[RFC] Separate internal service identity from user auth in OpenClaw gateway

# [RFC] Separate internal service identity from user auth in the OpenClaw gateway

**Labels suggestion:** `rfc`, `area:gateway`, `area:auth`, `discussion`, `trusted-proxy`
**Keywords (for search):** gateway auth, trusted-proxy, service identity, service account, loopback, localDirect, internal RPC, subagent auth, pairing, `trusted_proxy_loopback_source`

---

## Summary

`gateway.auth.mode` is doing three jobs at once:

1. **User auth** — who is the human on the other end (`none` / `token` / `trusted-proxy` / Tailscale).
2. **Internal service auth** — who is the gateway's own child process (subagents, browser tool, cron, exec-approvals, CLI on the same host).
3. **Local operator auth** — who is the person at `127.0.0.1` running `openclaw status`, `openclaw cron list`, etc.

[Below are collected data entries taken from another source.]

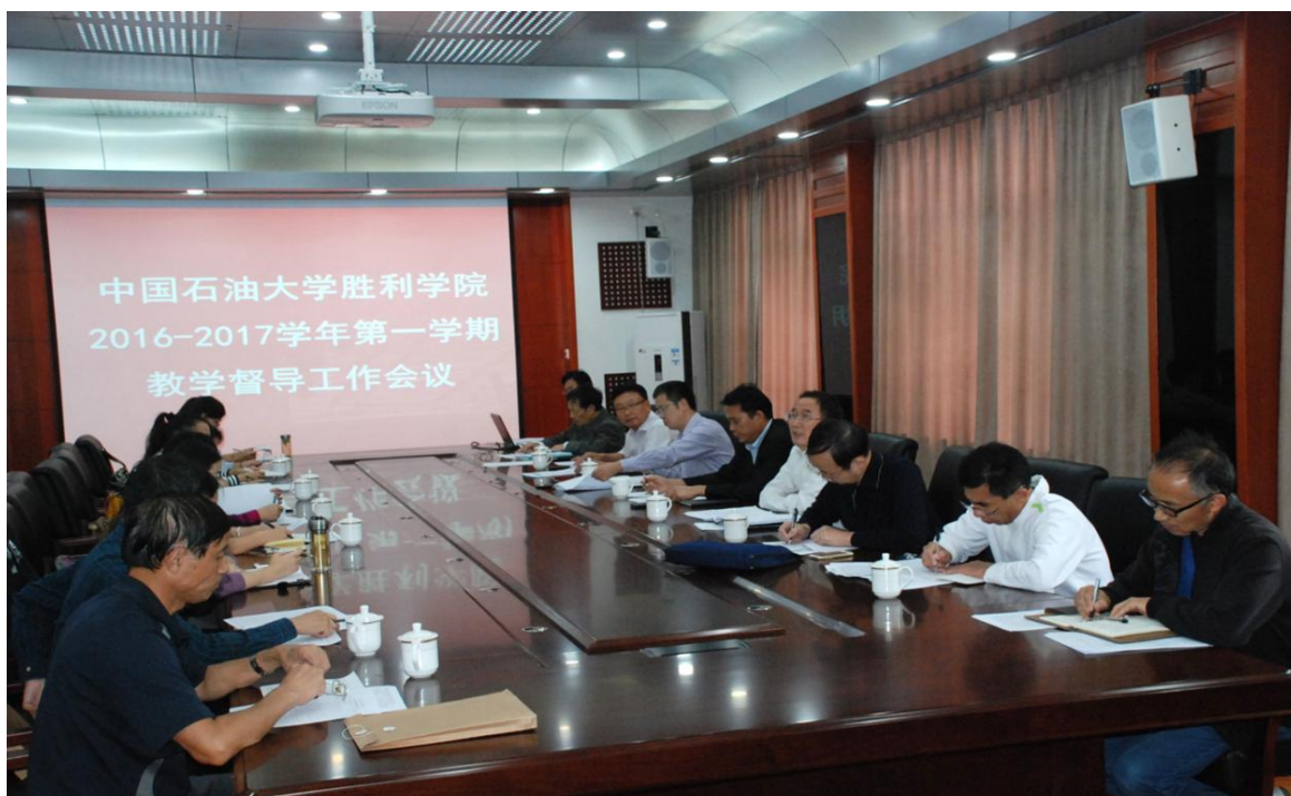
图 5-1 中国石油大学胜利学院 2016-2017 学年第一学期教学督导工作会议（2016-9-27）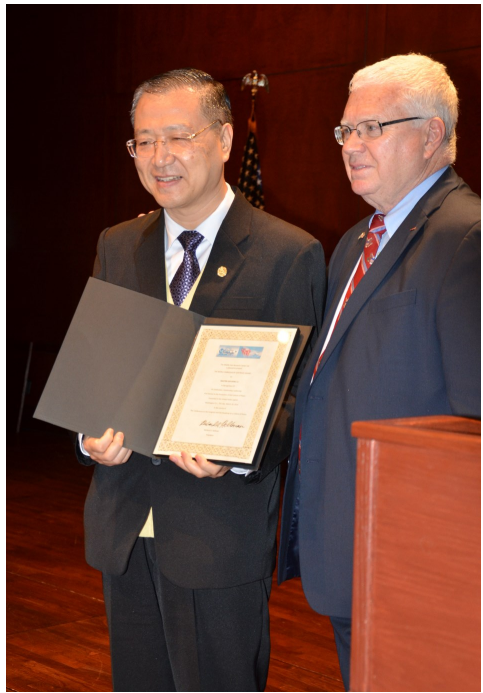
◇ 卢军宏台长在美国国会举办的世界和平会议上获得“世界和平大使”殊荣

充分发现、发扬和发掘佛教的正面、积极、向善的功能，通过大家自发自愿、春风化雨的方式，让断恶修善入住每个人的心中。当前，全世界学习阅读卢军宏所著的《白话佛法》的人逾千万，正是白话佛法所倡导的价值追求、做人之道、道德精神、君子人格等，对于匡正社会风气和教化民众产生了积极的作用。“学佛人首先根据当地的法律，法律认为合法你就做，不合法你就不要做，要记住，骗人的事情不能做；不骗人的事情都能做；赚钱赚过头的事情不能做；对得起良心的事情都可以做；对不起良心的事情不要做。”这段话是卢军宏在2012年10月19日的节目问答中对听众的严肃告诫。诚然，如果世人都有了敬畏之心，那样人人自然都有自律心，昧良心的事很少有人敢做了，社会将更加公平和谐，国家和社会将会更加进步美好，更重要的是，正是基于这种信仰，个人命运前途可以融入到相对“无限”的国家民族发展中，个人的生命可以不再虚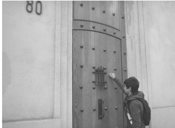
Figura 5. Alumno en entrada por Morandé 80. ¿Por qué esta entrada es más nueva que las otras?

Este proceso de incorporación de la innovación, llevaría al docente a generar nuevas metodologías, donde debiera incorporar horas en el Laboratorio de TIC's de la unidad educativa o bien el proponer el uso del PC e Internet como parte del trabajo fuera de clases. De este modo, también afecta la gestión curricular, ya que U.T.P. y Dirección deberán implementar acciones tendientes a la modificación y adaptación de los horarios, profesores, cuidado de los PC, etc.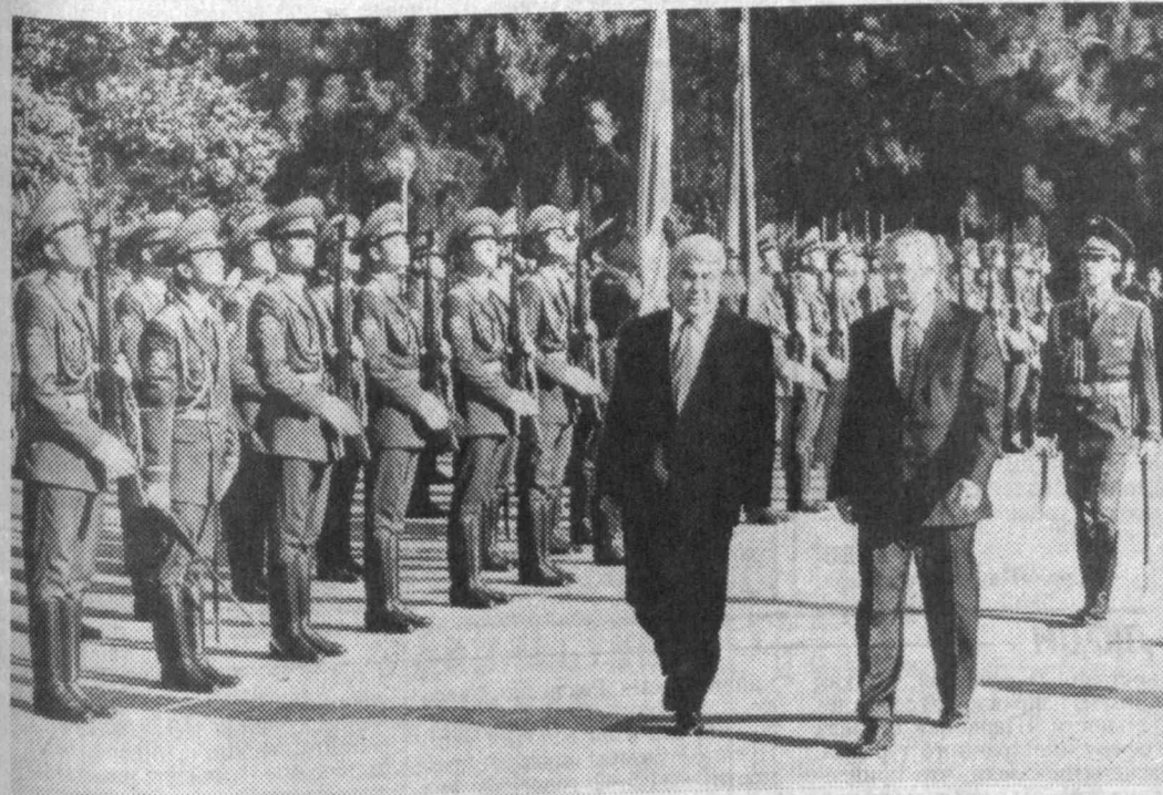
НА СНИМКАХ: официальная встреча в резиденции Дурмень; беседа президентов один на один.

27 ноября в Узбекистан с официальным визитом прибыл Президент Туркменистана Сапармурат Ниязов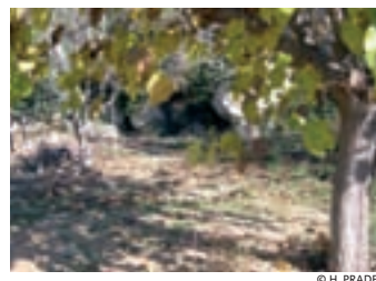
Imagen del camino ancho.

Probablemente, era el antiguo camino de los Cartujos, que unía el monasterio con todos los pueblos situados en la falda del Montsant. Este camino era la vía de comunicación entre el monasterio y las poblaciones vecinas. Estaba conectado con otros senderos que permitían a los monjes llegar a las ermitas y a otras posesiones que tenían cerca de los pueblos. Para iniciar el regreso al monasterio, hay que volver a cruzar la pista y tomar el mismo sendero que a la ida. Esta vez seguiremos por el camino ancho sin coger ningún desvío.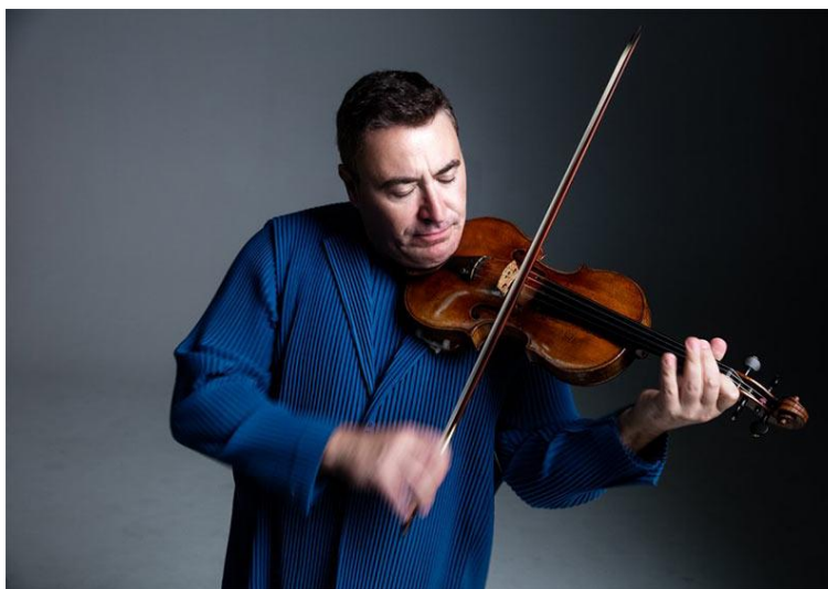
Maxim Vengerov © 2022-2025

Du 17 au 19 juillet , le Festival de Glanum, fidèle à sa tradition, proposera un programme placé sous le triple signe de l'ouverture, de l'éclectisme et plus que jamais, de l'excellence.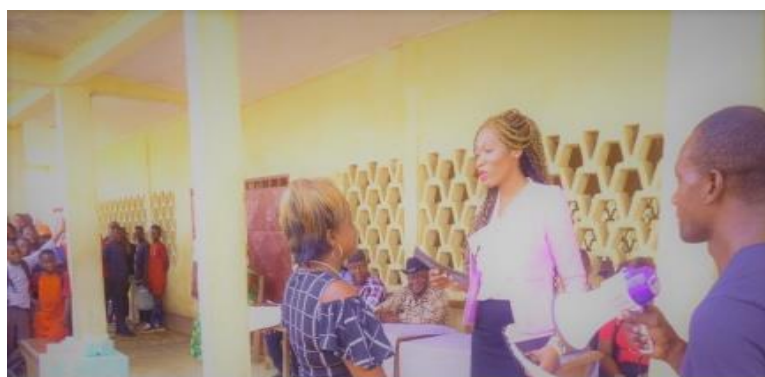
La Princesse Belle, PDG du groupe AAA Intergalactic, distribue des cadeaux en espèces aux meilleurs professeurs en Afrique.

Les bourses du groupe AAA Intergalactic ne sont donc pas simplement un « beau geste » philanthropique; ce sont des investissements essentiels pour aider les étudiants, en particulier les jeunes femmes, et les communautés à lutter contre la pauvreté.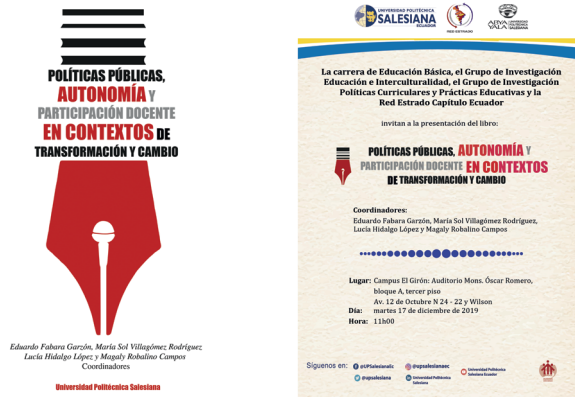
Figura 5. Publicación del tercer libro de la Red Estrado Ecuador: Políticas públicas, autonomía y participación docente en contextos de transformación y cambio

Durante el año 2020 el embate de la pandemia obligó a posponer el V Seminario de la Red, que por tradición se lleva a cabo cada dos años. Sin embargo, ese año fue de fructíferos conversatorios virtuales sobre la educación en tiempos de pandemia. Estas series de conversatorios fueron organizados y convocados por la Red Estrado y las facultades de Educación de la Universidad Politécnica Salesiana, la Universidad Central del Ecuador, la Pontificia Universidad Católica del Ecuador y la Universidad Técnica de Cotopaxi, en colaboración con otras redes de estudio como la Coalición por el Derecho a la Educación, CENAISE, la Red Kipus y la Sociedad Pedagógica del Chimborazo.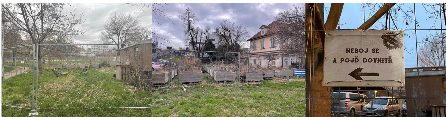
Obr. č. 22. Tygr v petrželi.

(rozhovor s Andrejom a skupinkou dňa 10.3. 2023)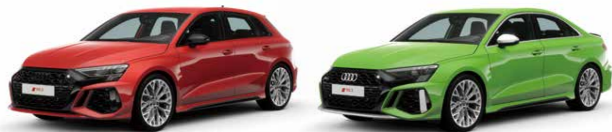
ブラックAudi rings&ブラックスタイリングパッケージ エクステリアミラーハウジング ブラック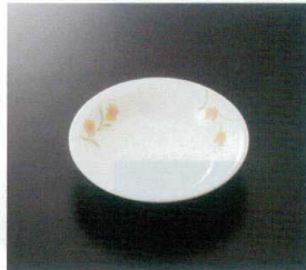
GER-116 13cm深皿 T-4 130×30 180cc ¥770 306-OP ¥420 74 揚 173頁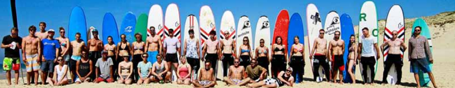
Kto chce ochutnať netradičnú a hlavne nezabudnuteľnú dovolenku, mal by skúsiť práve Surf-trip. Ostanú vám spomienky na výlet, ktorý sme si my vychutnali všetkými zmyslami.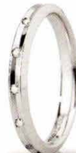
"Slim" oro bianco ct. 0.08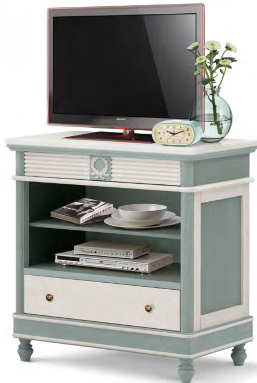
Articolo 804/G Porta TV 2 cassetti e vani a giorno. 2 drawers TV stand and compartments. cm. L. 90 P. 50 H. 90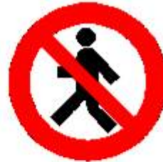
Vietato ai pedoni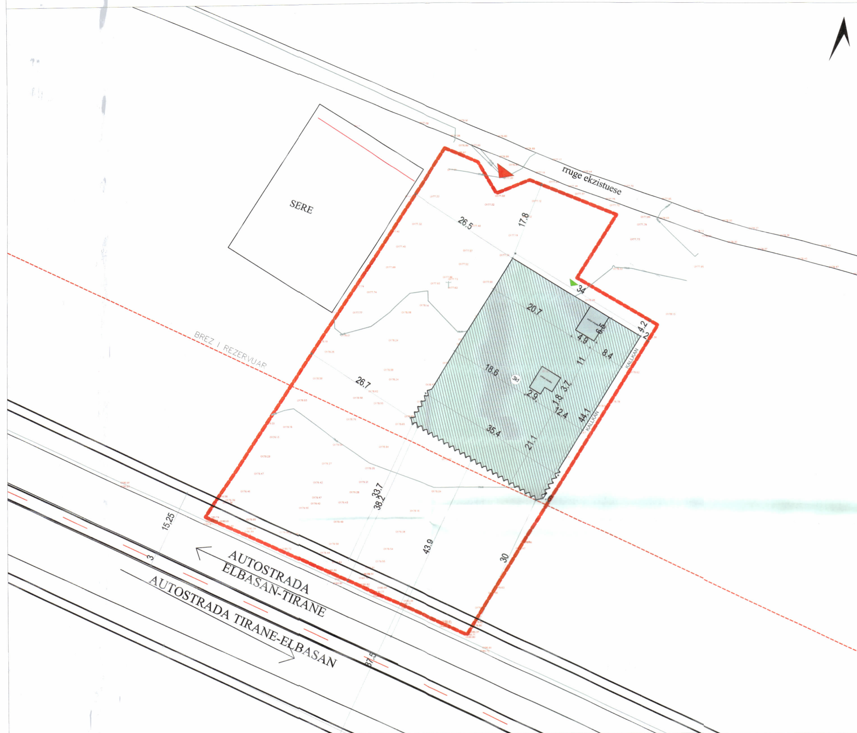
PLANI I VENDOSJES SË STRUKTURËS SHK. 1:500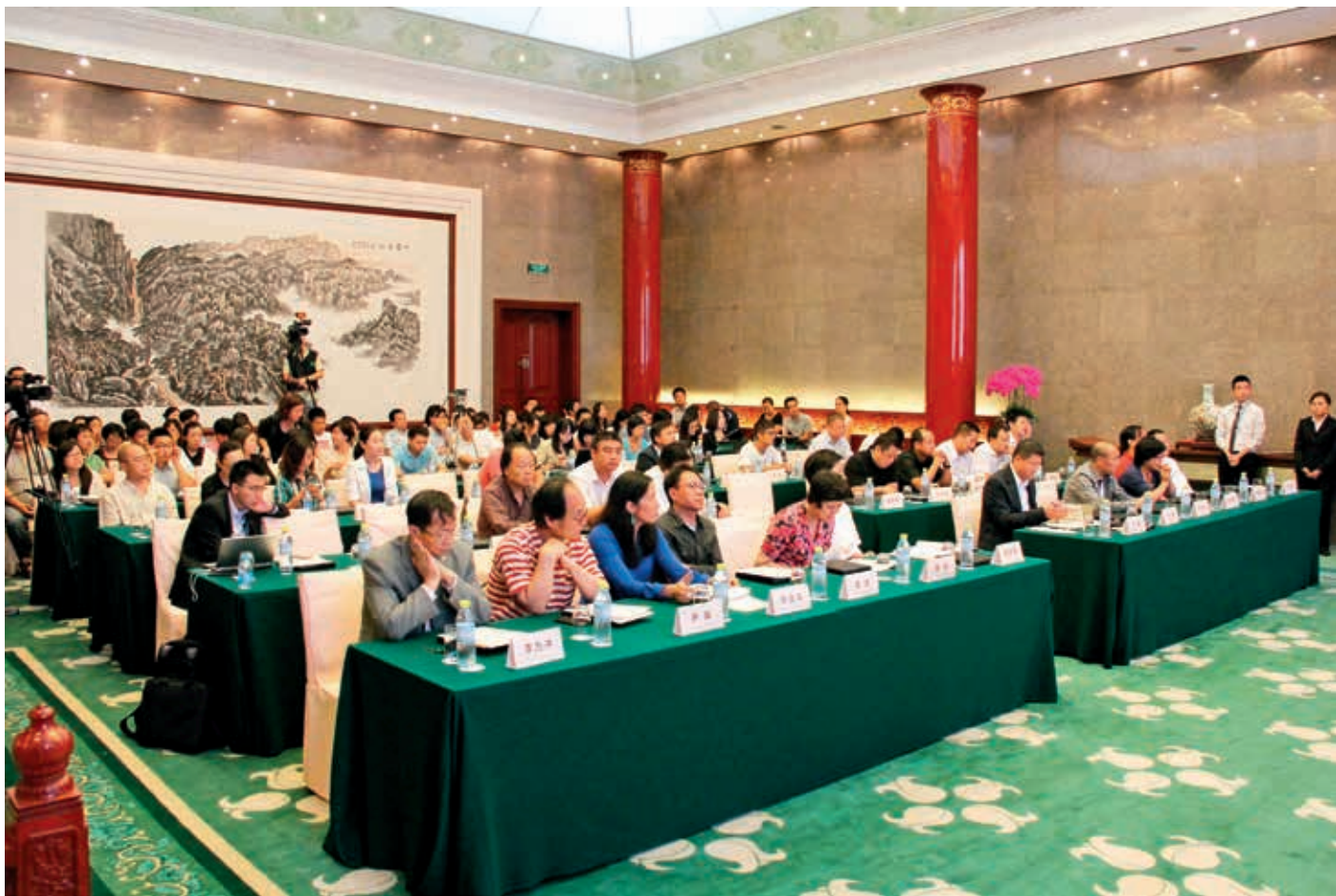
“诚信与传承”中国艺术品市场诚信论坛现场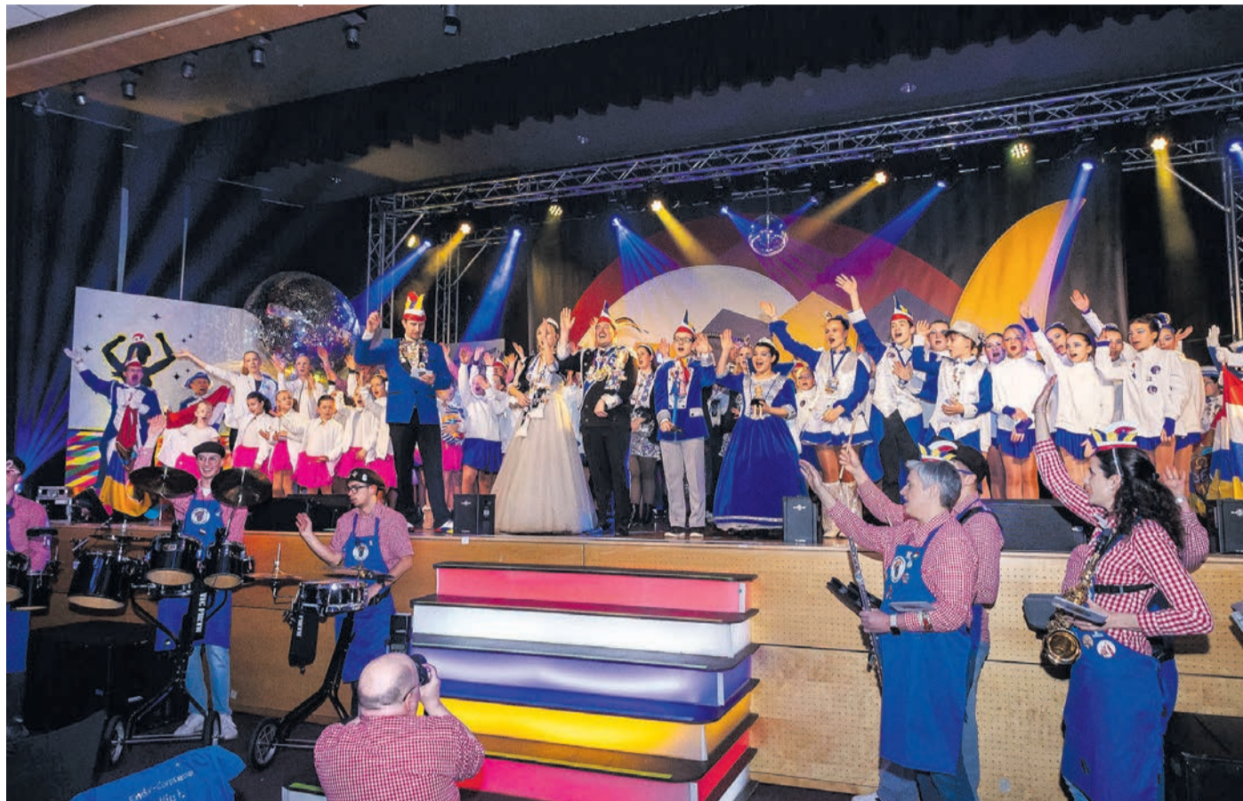
Zur Eröffnung kamen alle auf die Bühne.

Die Tanzgruppen sind eine Stärke der Babbscher und auf der Bühne erlebten die zahl-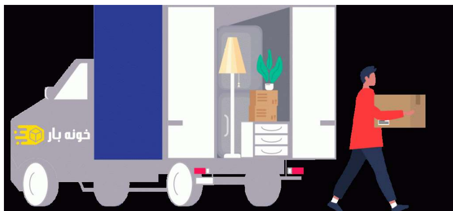
حمل بار آبادان در خدمت شماست

برای داشتن یک اسباب کشی خوب نیاز نیست که حتما خودتان و خانواده دست به کار شوید و از دیگر کارهای روزمره عقب بیفتید و در نهایت با بدنی رنجور و آسیب دیده وارد محل جدید شوید. کار را به کاردان بسپارید تا به بهترین شکل و کمترین خسارت، اسباب کشی داشته باشید. اهالی محترم شهرستان آبادان، می توانند حمل و اسباب کشی را به شرکت باربری آبادان ما محول کنند. پیچ اینستارگرام ما را دنبال کنید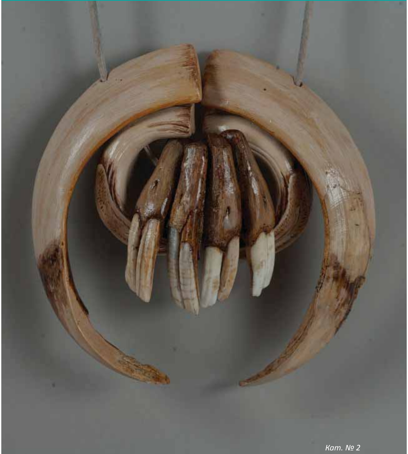
Kam. № 2

All three flow through the same branch in `authorizeGatewayConnect`, gated by `isLocalDirectRequest`, the loopback guard in `authorizeTrustedProxy`, `sharedAuthOk`, `controlUi.allowInsecureAuth`, and pairing/device-identity checks — layered over time as exceptions. Every pass that tightens one of these knobs has ended up loosening or breaking a different one. The March–April 2026 trusted-proxy regressions (#59167, #43300, #26007, #59045, #59702, #60265, #62767, #63381, #63548, #63344, #67703, #67524, #67799) are all the same underlying coupling surfacing in different deployment shapes.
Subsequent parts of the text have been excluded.